Os efeitos de Belo Monte também são sentidos nos municípios vizinhos a Altamira, como denunciaram Brás e Josélia, integrantes da Comissão de Justiça e Paz de Brasil Novo. Eles relatam um aumento no número de acidentes na rodovia e o colapso no sistema de saúde do município. Josélia também lembrou o assassinato de dois agricultores durante um protesto na entrada do canteiro de obras de Belo Monte ocorrido no dia 18 de maio. “A polícia está querendo tratar como acidente de trânsito, mas todos sabemos que foi assassinato e exigimos justiça.”
Lucivan, do sindicato dos professores, relatou que apenas um colégio de ensino médio foi reformado pela Norte Energia, e “após muita pressão dos alunos”. Ele relata que a evasão no ensino médio tem sido muito grande frente à obra e isso é preocupante. Além disso, a Norte Energia não construiu nenhuma escola nos reassentamentos, obrigando as crianças a fazerem longos trajetos diários de ônibus para estudar.
Problemas no reassentamento também foram relatados por Edizângela, que também é coordenadora do MAB e reassentada no bairro Jatobá junto com mais de 1000 famílias atingidas. Segundo ela, chega a faltar até água no reassentamento durante dias. Há uma estação de tratamento de esgoto dentro da área que não funciona e exala um mau cheiro diariamente, prejudicando o bem estar das famílias. O MAB também denunciou problemas no processo de remoção das famílias, em especial porque o número de casas construídas pela empresa é insuficiente para abrigar todos os atingidos. “São mais de 8 mil famílias cadastradas e menos de 5 mil casas. Qualquer ignorante vê que essa conta não fecha. Agora, a Norte Energia está passando por cima de qualquer critério de tratamento, tentando inclusive comprar o direito dos atingidos à casa”, afirmou Iury Paulino, do MAB.
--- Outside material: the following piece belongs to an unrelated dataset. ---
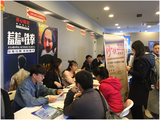 我校2018届毕业生就业推介会秋季场于11月24日下午13:30在上戏实验剧院举行,本次推介会由就业办主办,历时3个小时。本次推介会邀请到浙江华策影视股份有限公司、上海唯众传媒股份有限公司、上海灿星文化传播有限公司、上海文化广场剧院管理有限公司、上海耀客传媒股份有限公、南派泛娱有限公司、上海骑鲸客文化传播有限公司、上海市普陀区文化馆、上海木偶剧团有限公司、上海歌剧院、上海盛视天橙传媒股份有限公司、上海市嘉定区文化馆、中国福利会少年宫、电影频道(上海)影业有限公司、上海迪士尼度假区、上海开心麻花文化传媒有限公司、上海时代影响力影视有限公司、上海电影艺术职业学院、浙江横店影视职业学院、上海幻维数码创意科技有限公司、上海东方艺术中心管理有限公司、上海飞来飞去新媒体展示设计有限公司等80家用人单位到学校设摊招聘,用人单位涉及传媒公司、专业院团、文化影视公司、学校、剧院、文化馆等各领域,拟招聘人数约1254人,需求专业涉及主持、编导、灯光、舞美、戏文、表演、导演、舞蹈、戏表、创意等各专业。
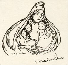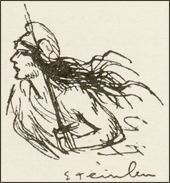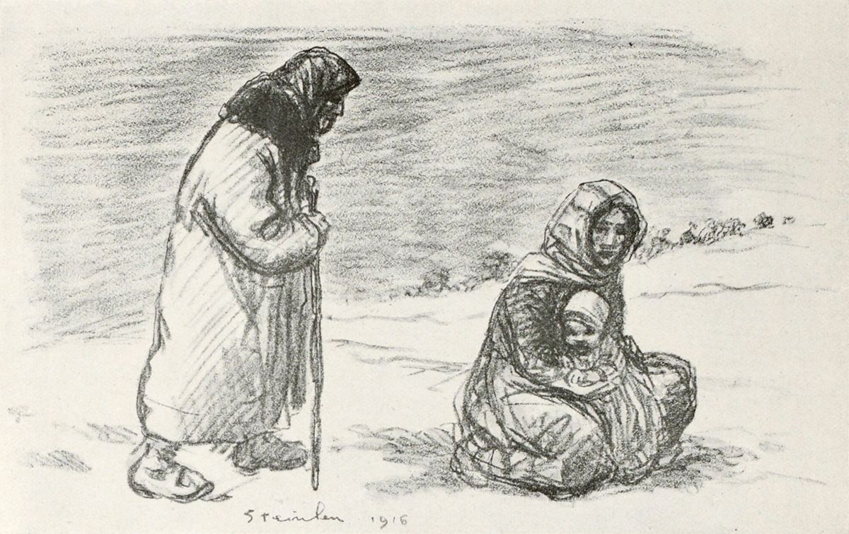 Resté en marge de toute école, de toute théorie, de toutes les tourmentes artistiques qui ont dévoyé récemment tant de talents et donné de l’importance à trop de maximalistes de la peinture, Steinlen est un grand observateur humain dont le cœur a parlé, dont le cœur a aimé ce que voyaient ses yeux, et qui, dans la vaste convulsion, est resté lui-même, plein de pitié clairvoyante. Il se sert magistralement des éléments naturels et éternels de son art, il suggère le sentiment par l’étude serrée puis largement synthétisée du visible, comme un Dickens du crayon: mais aussi avec une âpreté qui n’est point dans Dickens, une âpreté qui décèle la faculté d’indignation, sans laquelle la pitié n’est qu’une velléité inopérante. Toutes les haines sont restées en dehors de la conscience de cet homme à la voix douce, sauf la haine du Mal, et elle parle sourdement à travers ces dessins où il évoque les victimes, où les bourreaux sont invisibles et pourtant toujours présents. Et c’est pourquoi, dans cette guerre que nous faisons, et qui est la guerre faite au principe du Mal, une véritable croisade contre l’Antéchrist, l’artiste miséricordieux qu’est Steinlen est aussi un combattant.

O MAB e o Xingu Vivo denunciaram ainda o processo de criminalização dos atingidos e dos movimentos sociais, através do uso de interditos proibitórios. O Movimento também denunciou a contratação de uma milícia armada para intimidar os moradores das áreas alagadas a não construírem mais casas, além da presença de um coronel reformado da PM para espionar as atividades das organizações.
Vitória do Xingu
Após a atividade, o grupo foi a Vitória do Xingu conhecer a realidade das ocupações urbanas motivadas pelo aumento no custo de vida devido à barragem.Vitória do Xingu se transformou no município mais rico da região, pois o Imposto Sobre Serviço (ISS) devido a Belo Monte já rendeu para a prefeitura mais de R$ 300 milhões (frente a uma arrecadação de R$ 17 milhões anuais). Porém, a população não vem sentido esse benefício, pois há mais de 1000 famílias vivendo em ocupações urbanas sofrendo diariamente com a ameaça de despejo.